The answer is the exact run of lines in the listing below from the line containing "Психологічне консультування: 1" up to and including the line containing "BACS À PEINTURE, ROULEAUX, GRILLES, PINCEAUX, GRATTOIRS", with pictures removed.

* _Data extract_:
+ + + +
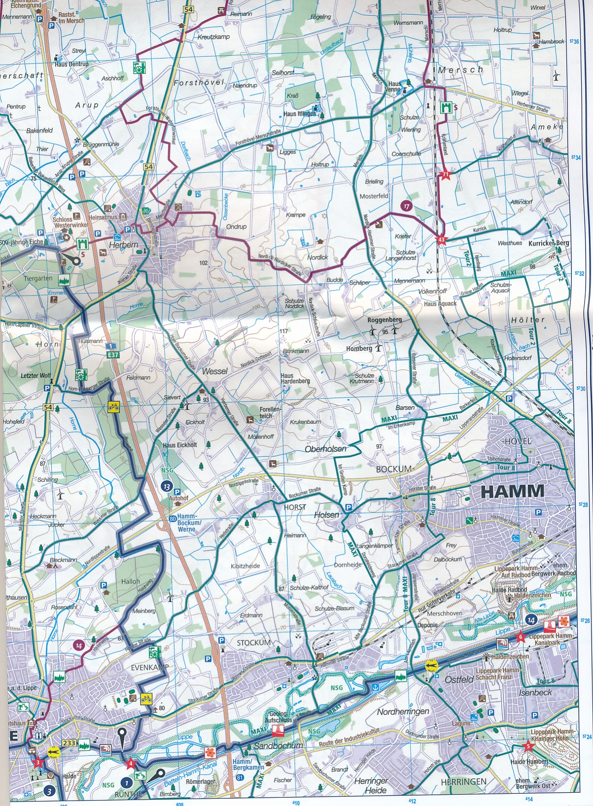 Darstellung aller Radfernwege, Haupt- und Nebenradwege dieser Region inklusive Radwegenamen und Symbole.
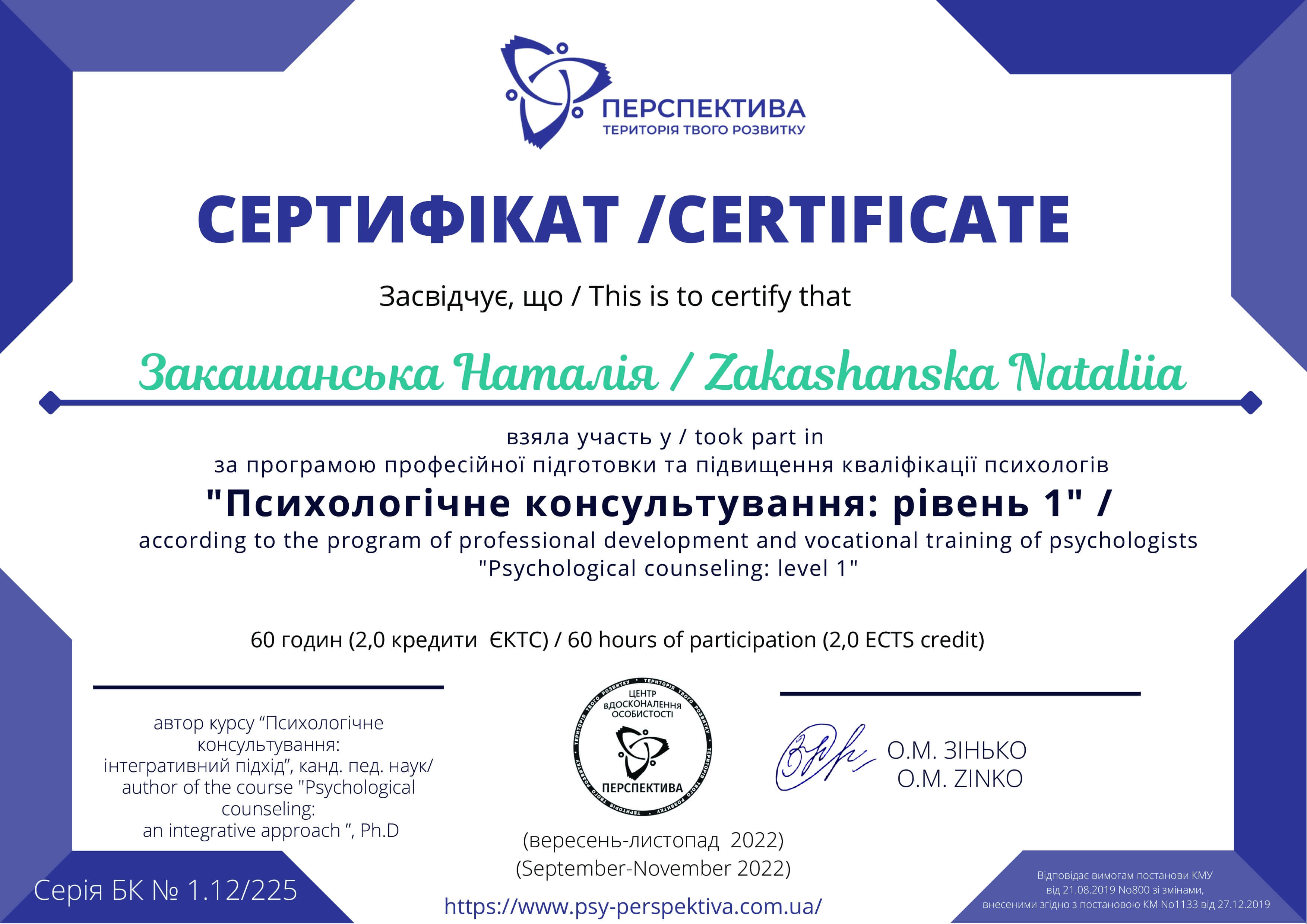 Психологічне консультування: 1 рівень (60 годин); Психологічне консультування: 2 рівень (60 годин);
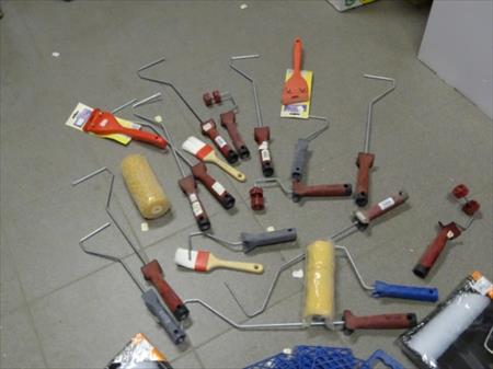 BACS À PEINTURE, ROULEAUX, GRILLES, PINCEAUX, GRATTOIRS ET MANCHES DE ROULEAUX
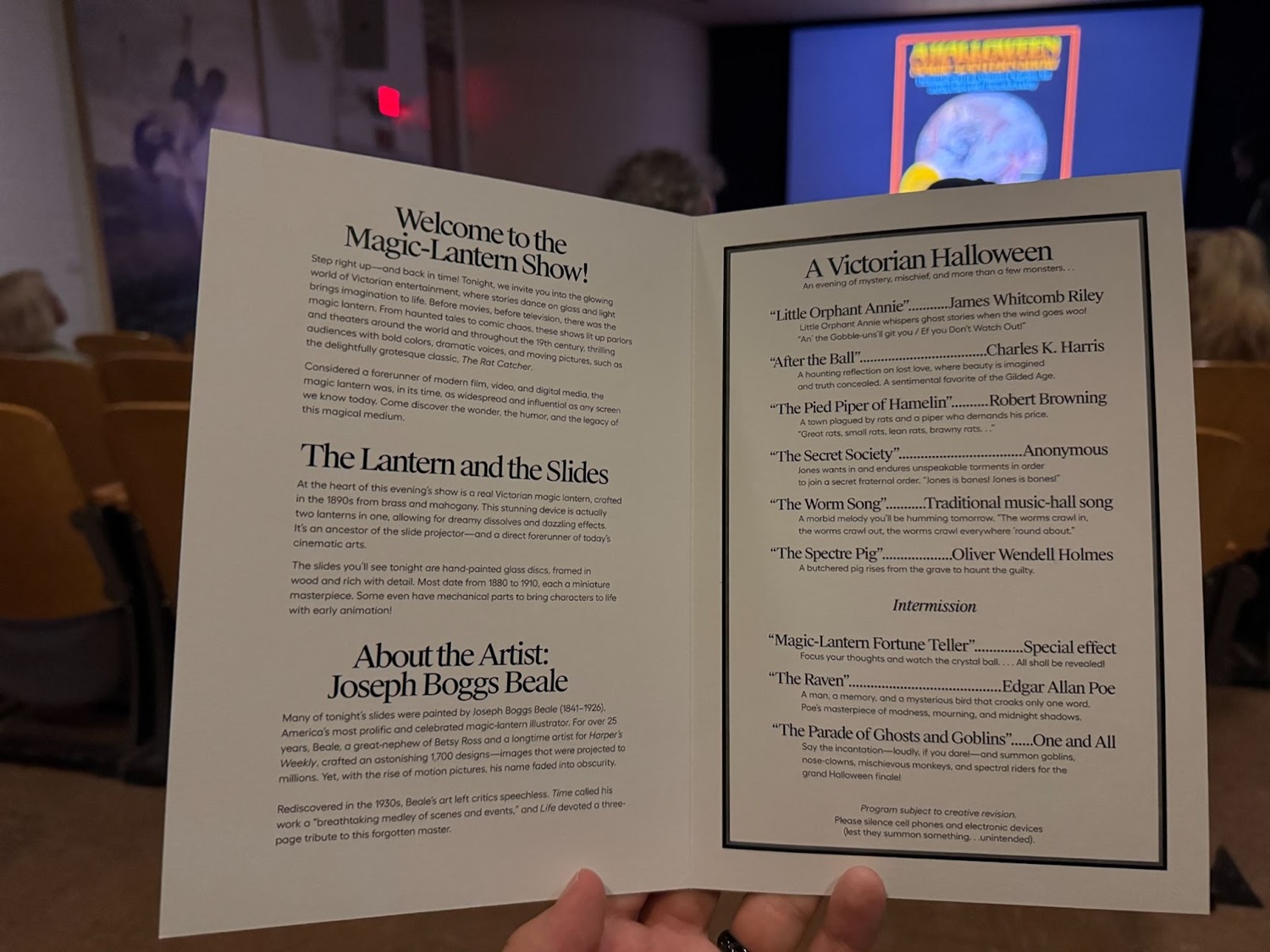 Below you’ll find a look at the program for the evening, which included magic-lantern retellings of familiar stories such as “Little Orphan Annie" by James Whitcomb Riley “The Pied Piper of Hamelin" by Robert Browning, and Edgar Allan Poe’s beloved narrative poem “The Raven."
+ + + +
* _Answer box_:
 Психологічне консультування: 1 рівень (60 годин); Психологічне консультування: 2 рівень (60 годин);
 BACS À PEINTURE, ROULEAUX, GRILLES, PINCEAUX, GRATTOIRS ET MANCHES DE ROULEAUX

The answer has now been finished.